Sunday, December 2, 2012

Museum of Genocide Victims

Today we headed to the Museum of Genocide Victims.  The museum is located in the former KGB headquarters.  We took some pictures outside of the building as you are not allowed to photograph the inside.  We toured the basement which was used as the prison and interrogation area where over 1,000 prisoners were executed.  I definitely recommend touring this building if any of you come to visit us.  The second and third levels have many displays of history, the people and their later resistance to the occupation.  For more information or pictures of the inside, I suggest googling it.

History of the building (borrowed from Wikipedia):

During the 19th century, Lithuania was part of the Russian Empire. The building, completed in 1890, originally housed the court of the Vilna Governorate. The German Empire used it during its World War I occupation of the country. After independence was declared, it served as a conscription center for the newly formed Lithuanian army and as the Vilnius commander's headquarters. During the Lithuanian Wars of Independence, the city was briefly taken by the Bolsheviks, and the building housed commissariats and a revolutionary tribunal. Following Żeligowski's Mutiny of 1920, Vilnius and its surroundings were incorporated into Poland, and the building housed the courts of justice for the Wilno Voivodship.

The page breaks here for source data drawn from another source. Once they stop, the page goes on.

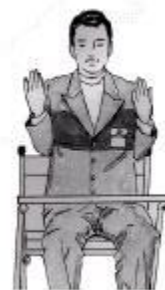
(strana stola) ZRUŠENÉ
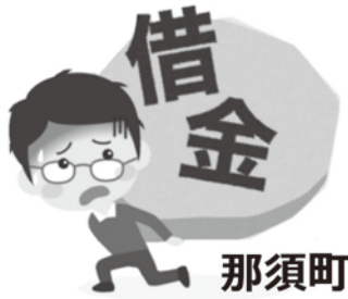
公共施設維持管理の財源不足
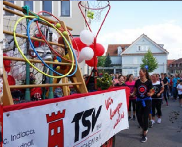
Impressionen vom Festzug.
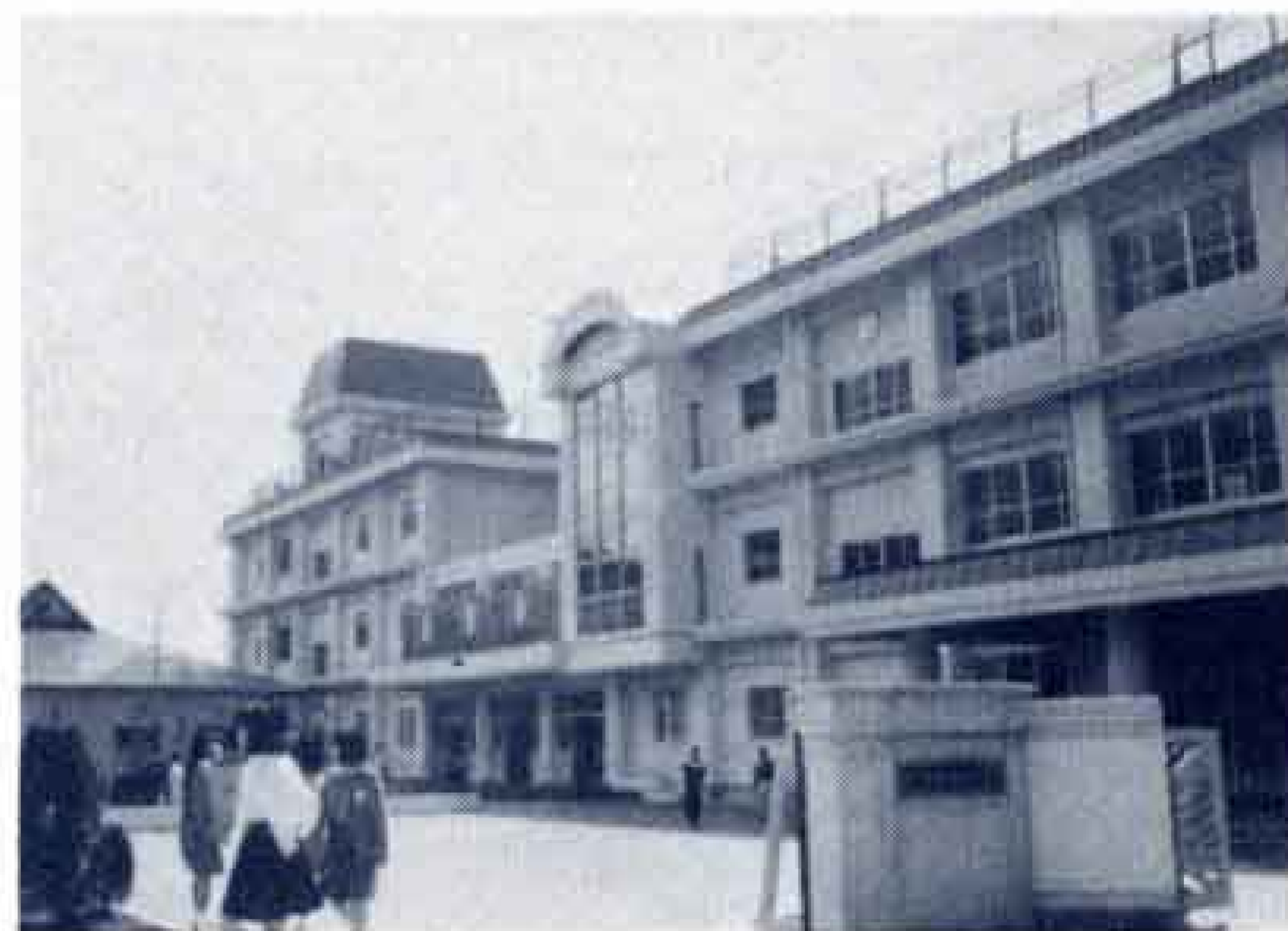
△富士市立神戸小学校

神戸小学校整備事業、岩松小学校、田子浦小学校、富士中学校校舎耐震補強事業及び鷹岡小学校、大淵中学
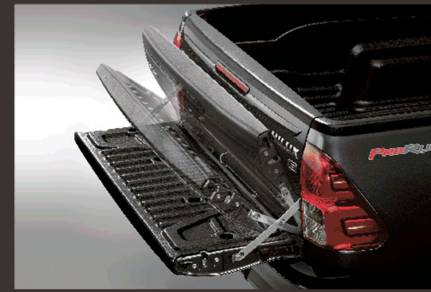
อุปกรณ์ช่วยผ่อนแรงเปิด - ปิดฝาท้ายกระบะ
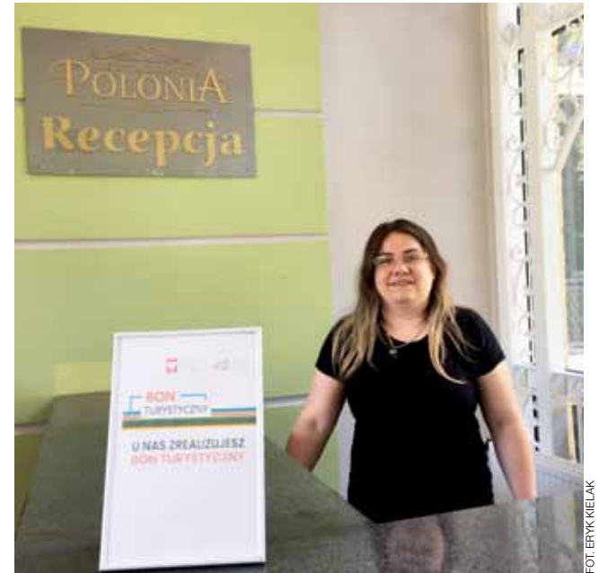
W restauracji „Polonia” już można skorzystać z bonu turystycznego.

Teraz kolejne ryzyka inwestycyjne będzie podejmował już w Łodzi. Choć w Łowiczu zostaną jego firmy: Budowa i ECO Resort. I dwaj synowie: Franciszek, też budowlaniec, który w tym roku rozpoczął swą samodzielną działalność deweloperską od budowy szeregu domków jednorodzinnych na Blichu i który w przyszłości będzie inwestował przy Podrzecznej – i Bolesław, który prowadzi hotel ECO w Piaskach pod Nieborowem. Więc nazwisko w Łowiczu pozostanie. ■
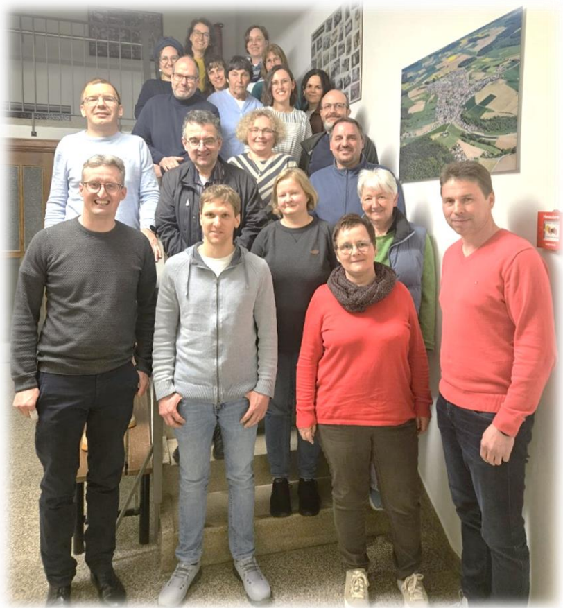
Der neue Pfarrgemeinderat
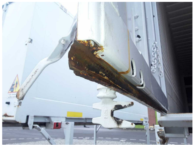
Beschädigung 3: Heckklappe/-tür: Hecktür links - Korrosion - instandsetzen und lackieren
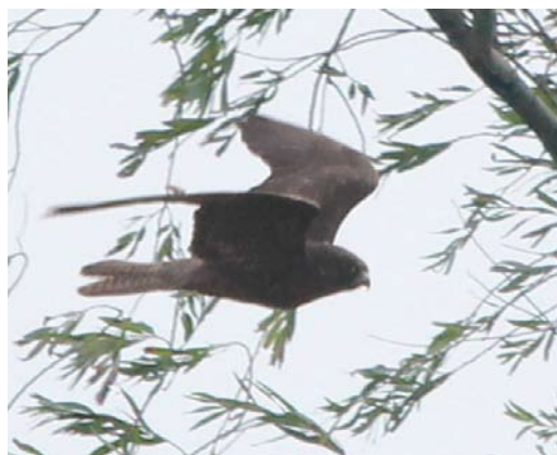
492 Eleonora's Valk / Eleonora's Falcon Falco eleonora , tweede kalenderjaar, donkere vorm, Oostvaardersplassen, Flevoland, 17 september 2011 493 Eleonora's Valk / Eleonora's Falcon Falco eleonora , tweede kalenderjaar, donkere vorm, Oostvaardersplassen, Flevoland, 17 september 2011 494 Eleonora's Valk / Eleonora's Falcon Falco eleonora , tweede kalenderjaar, donkere vorm, Oostvaardersplassen, Flevoland, 17 september 2011 495 Eleonora's Valk / Eleonora's Falcon Falco eleonora , tweede kalenderjaar, donkere vorm, Oostvaardersplassen, Flevoland, 17 september 2011

naar de kleur van de poten kon ik enkel gissen. Daarom belde ik RvB die zich ergens buiten ons zicht aan de andere kant bevond met de vraag of hij meer details kon zien. Na een verandering van zithouding kon ook onze groep even later de gele poten zien; daarmee viel Roodpootvalk af. De geheel onbevederde tibia pasten ook niet goed op Slechtvalk F peregrinus of aanverwante grote valken, die een zwaardere 'broek' hebben. Met de ANWB-gids (Svensson et al 2010) in de hand bestudeerden we de vogel. Een jonge Boomvalk F subbuteo werd geopperd maar dat werd door Luc Cieters en mij terstond tegengesproken; de borst en kop waren daar veel te donker voor en LC had onlangs nog jonge Boomvalken geringd. De
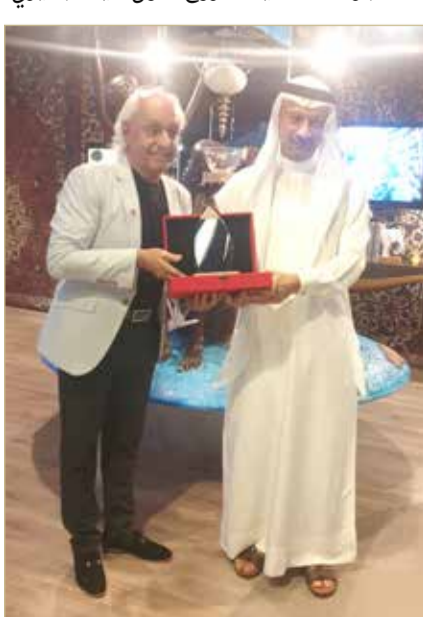
جناحي يكرم نائب محافظ العاصمة
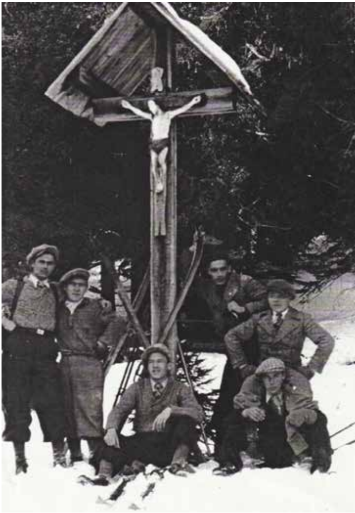
Pod razpelom na Križevcu ok. leta 1935. (Vir fotografije: Frančišek Noč, pobudnik postavitve spominskega znamenja leta 1992. Dokumentacijo pok. Frančiška Noča hrani Marko Zupančič, boter znamenja.)
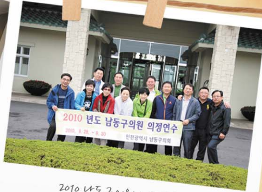
2010 남동구의원 의정연수

● 2010 남동구의원 의정연수 실시 2010. 9.28일부터 9.30일 기간 중 6대 의회개원에 따른 의원 의정연수에 참여하였다.
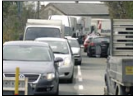
Radovi na kanalizaciji, unatoč reguliranju prometa semaforima, stvaraju velike gužve.

ističe u ime investitora glasnogovornica Vodovoda i kanalizacije Mojca Spinčić.
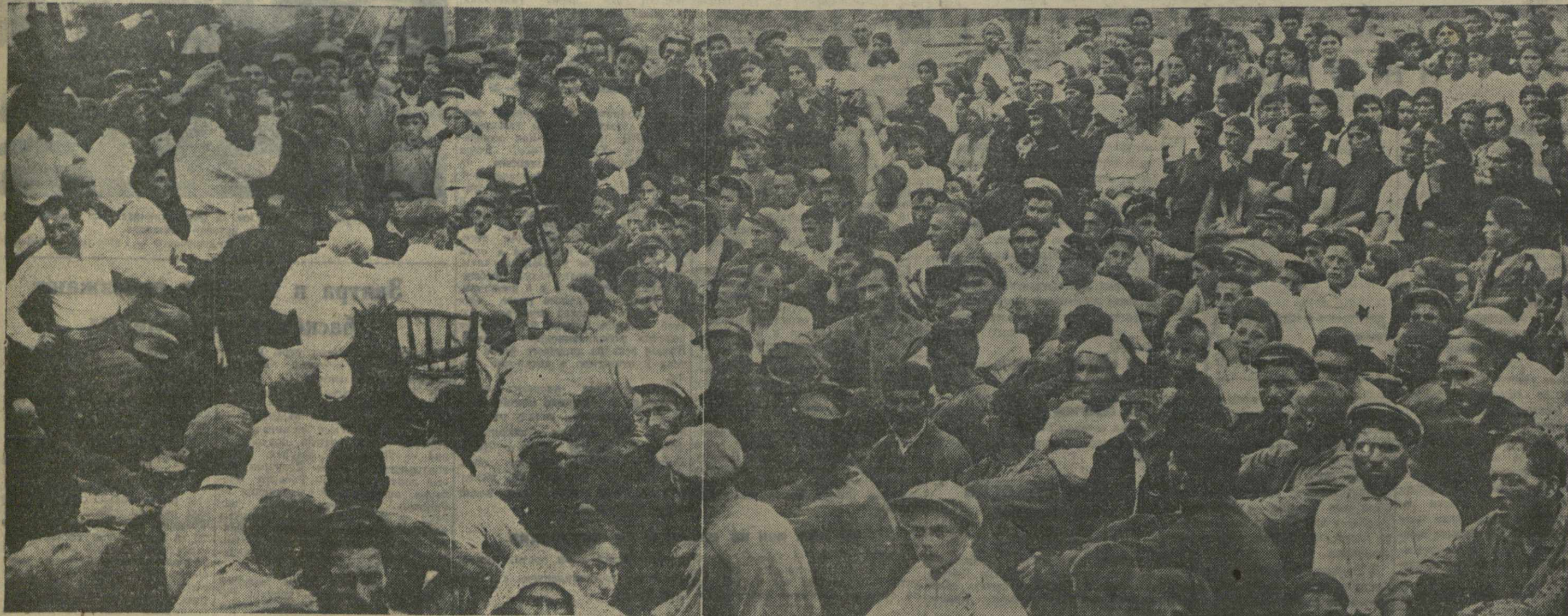
ОБЩЕЕ СОБРАНИЕ БАЙСУБАНСКИХ КОЛХОЗНИКОВ, ПОСВЯЩЕННОЕ ОБСУЖДЕНИЮ НОВОГО ИЗБИРАТЕЛЬНОГО ЗАКОНА.
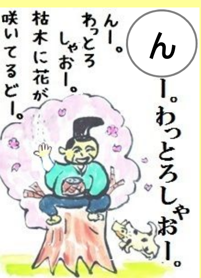
ん~。わつとろしやお~。 枯木(かれき)に花(はな)が咲(さ)いてるど~。 ん~。びっくりしたな~。 枯木に花が咲いてるで~。
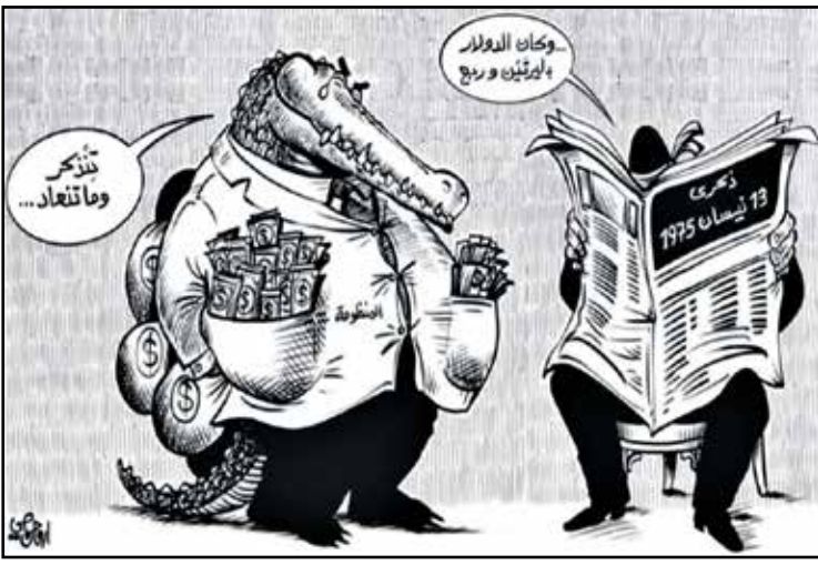
ذكرت الحرب الأهلية اللبنانية في ظل الأزمة المالية
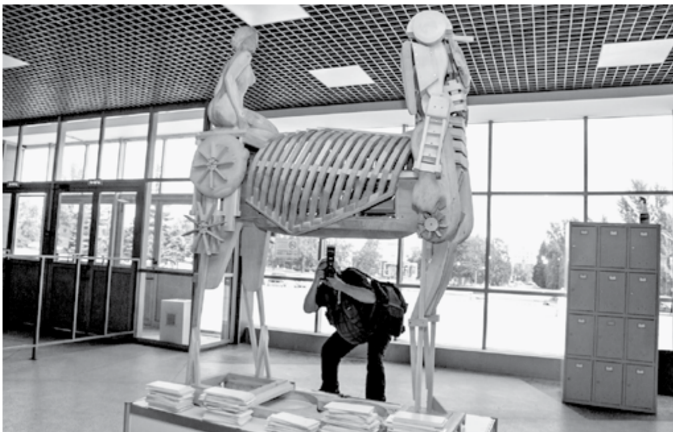
Около 300 авторов и 500 произведений – так выглядит выставка в цифрах.

Петренко не скрывает: это как репетиция «взрослой» региональной выставки «Сибирь-ХИП», которую край планирует провести здесь же в 2023 году. Просто если сейчас работы художников размещены в галерее вокруг чаши арены, то потом придется занять ее целиком и дополнительно заказать два шатра по тысяче метров с экспозиционным оборудованием.
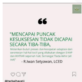
GAMBAR 4.4 Konten Quotes

Konten Marketing yang dibuat oleh penulis yaitu kutipan tentang motivasi "Mencapai puncak kesuksesan tidak dicapai secara tiba – tiba.
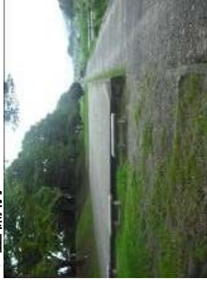
利用が少なく、老朽化した公園施設 →撤去
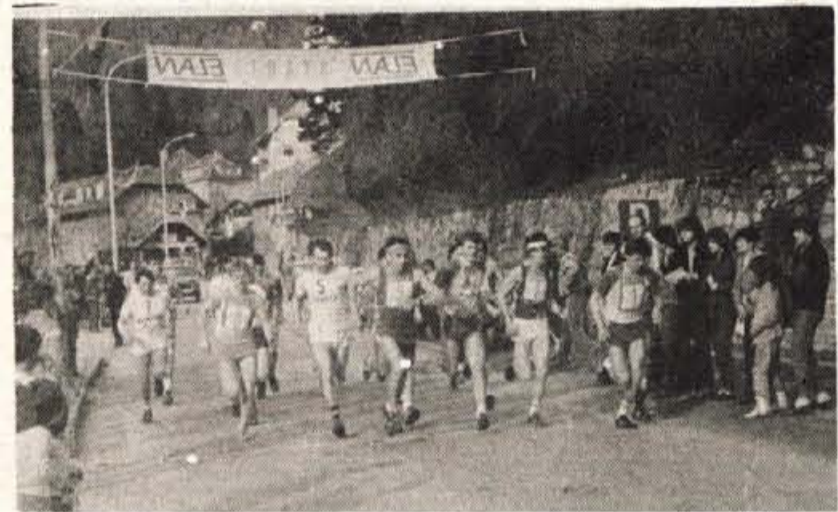
Start spominskega teka Boruta Berganta
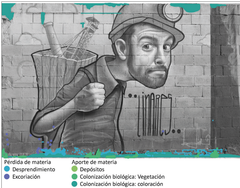
Figura 10. Mapa de alteraciones de la obra de Belin de la Calle Zambrana (Linares).
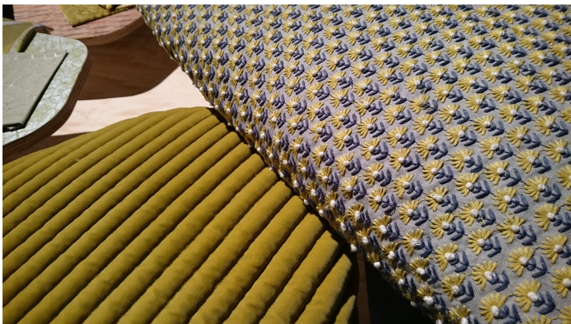
GULGRØNT: Gulgrønne nyanser og myke taktile tekstiler skaper liv og variasjon i paletten.
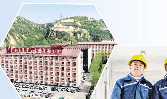
正佳煤业矿区全景
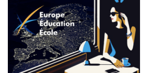
Jean-Luc GAFFARD, Réalisation et production Czeslaw MICHALEWSKI Animation et communication

En podcast : https://soundcloud.com/podcastprojeteee
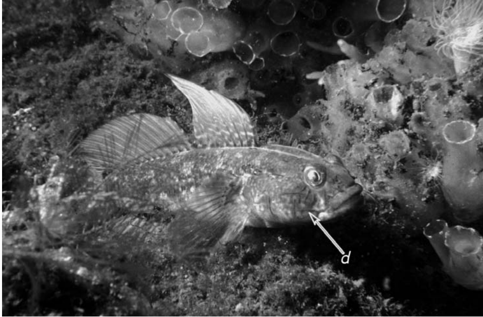
Figuur 4. Gobius niger . Exemplaar uit het Grevelingenmeer met een aantal typische kenmerken: verlengde stralen van de eerste rugvin en in de lengte relatief weinig maar grote schubben. De suborbitale rij sensorische papillen d (zie pijl) vormt een doorlopende rij. Scharendijke, 12 september 1982.

Het verspreidingsgebied van de Paganelgrondel is zuidelijk: van west Schotland tot aan Mauretanië. Ook wordt de soort gevonden in de Middellandse Zee en Zwarte Zee; via het Suezkanaal heeft de Paganelgrondel inmiddels ook de Rode Zee weten te bereiken. In de Noordzee was de soort nog niet bekend (Nijssen & De Groot, 1974; Rappé & Eneman, 1986; Daan, 2000), ook niet langs de oostkust van Groot Brittannië. De soort zit wel in het Kanaal; zo vermeldt Otten (1989) de soort van Siouville-Hague in Normandië.
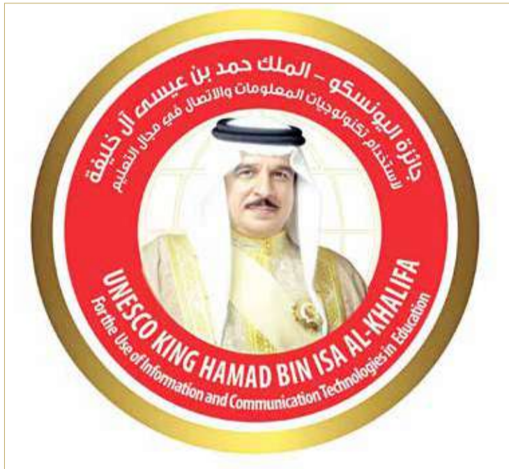
شعار جائزة اليونسكو - الملك حمد لاستخدام تكنولوجيا المعلومات والاتصال في التعليم

التعليم وجودته، امتدت لتشمل أكثر من (1.5) مليون مدرسة و(240) مليون طالب و(8.5) مليون معلم، حيث تم توفير برامج التعلم الرقمي من خلال وسائل الإعلام المتنوعة، بما في ذلك التلفزيون والراديو ومنصات الانترنت للطلاب والمعلمين، مع مراعاة الاحتياجات الخاصة للطلاب ذوي الإعاقة، والطلاب في المناطق الريفية في الهند. أما المشروع الآخر الفائز في الدورة الحالية، وهو مشروع (أوبونجو: أكبر فصل دراسي رقمي في أفريقيا) المقدم من مؤسسة أوبونجو من تنزانيا، الذي انطلق عام 2014م، فقد ساهم في إعداد أكثر من (300) مادة تلفزيونية وإذاعية بثماني لغات محلية في (18) دولة أفريقية تقع جنوب الصحراء الكبرى، بهدف توفير محتوى تعليمي فعال وممتع للأطفال في سن المدرسة وأولياء أمورهم، باستخدام وسائل الترفيه والتقنيات، وتوجيهه خصوصاً للأطفال اللاجئين والأطفال الذين يتعافون من الصدمات.
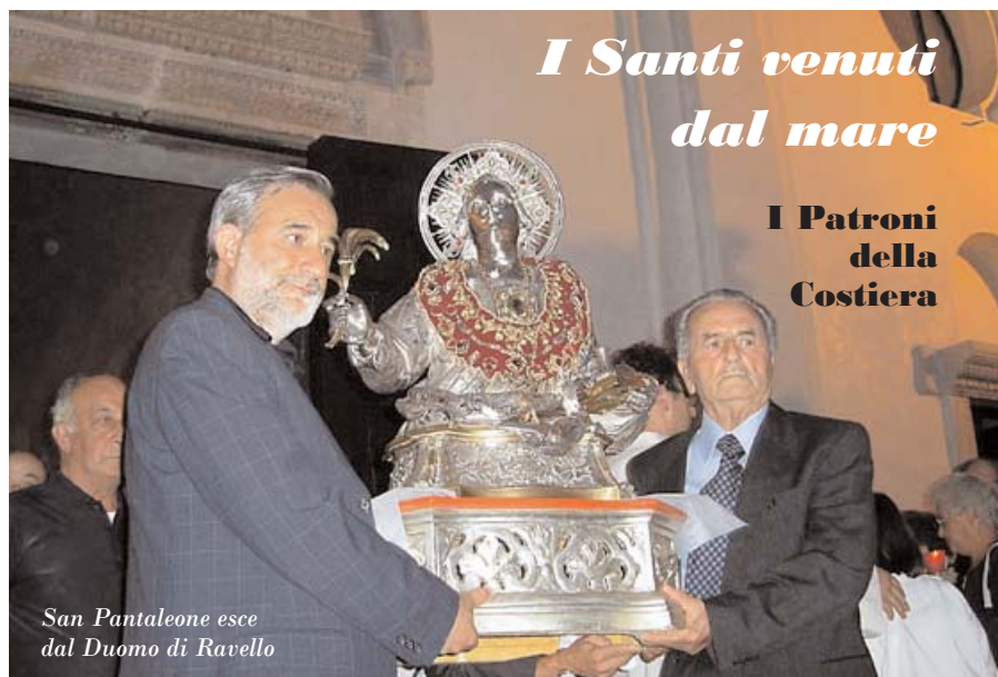
San Pantaleone esce dal Duomo di Ravello

SABATO 30 OTTOBRE 2004 Villa Rufolo, ore 21.30 Obermann violino and piano duo Le sonate per violino e pianoforte di Wolfgang Amadeus Mozart Posto unico 20 euro Ravello Concert Society
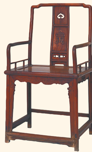
黄花梨木椅。
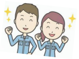
SMC 株式会社釜石工場
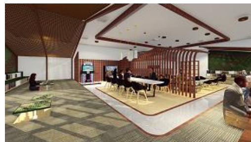
(Gambar 3. Perspektif Ruang Kafetaria)

Ruang kedua adalah Ruang Gamelan, di desain dengan tata layout yang saling berhadapan yang diperuntukan agar sirkulasi jalan yang baik, karena luasan ruang yang minim tetapi memiliki banyak alat musik di dalamnya. Peletakkan alat musik dibagi menjadi dua bagian yaitu pada sisi kiri dan kanan ruang untuk memaksimalkan sirkulasi sehingga pada bagian tengah ruang dapat digunakan oleh pengajar untuk melihat satu per satu pemain musik.
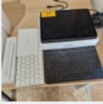
Lot n° 23 Ipad pro 11, 256GB, 2021, avec 2 claviers, 1 stylet sans alimentation, avec cordons Mdp : 123540 Mise à prix : 100 €

Lithuania was invaded by the Soviet Union in 1940, and following an ultimatum, became a Soviet Socialist Republic. Mass arrests and deportations followed, and the building's basement became a prison. In 1941 Nazi Germany invaded the country; the building then housed the Gestapo headquarters. Inscriptions on the cell walls from this era remain. The Soviets retook the country in 1944, and from then until independence was re-established in 1991, the building was used by the KGB, housing offices, a prison, and an interrogation center. Over 1,000 prisoners were executed in the basement between 1944 and the early 1960s, about one third for resisting the occupation.[4] Most bodies were buried in the Tuskulėnai Manor, which underwent reconstruction and is selected to host the second Museum of Genocide Victims.[5]

In addition to housing the museum, the building now serves as a courthouse and as the repository of the Lithuanian Special Archives.


The wall outside the building is engraved with the names of those killed inside.



Monument to Soviet Occupation Victims.  The stones in the monument are from all over Lithuania.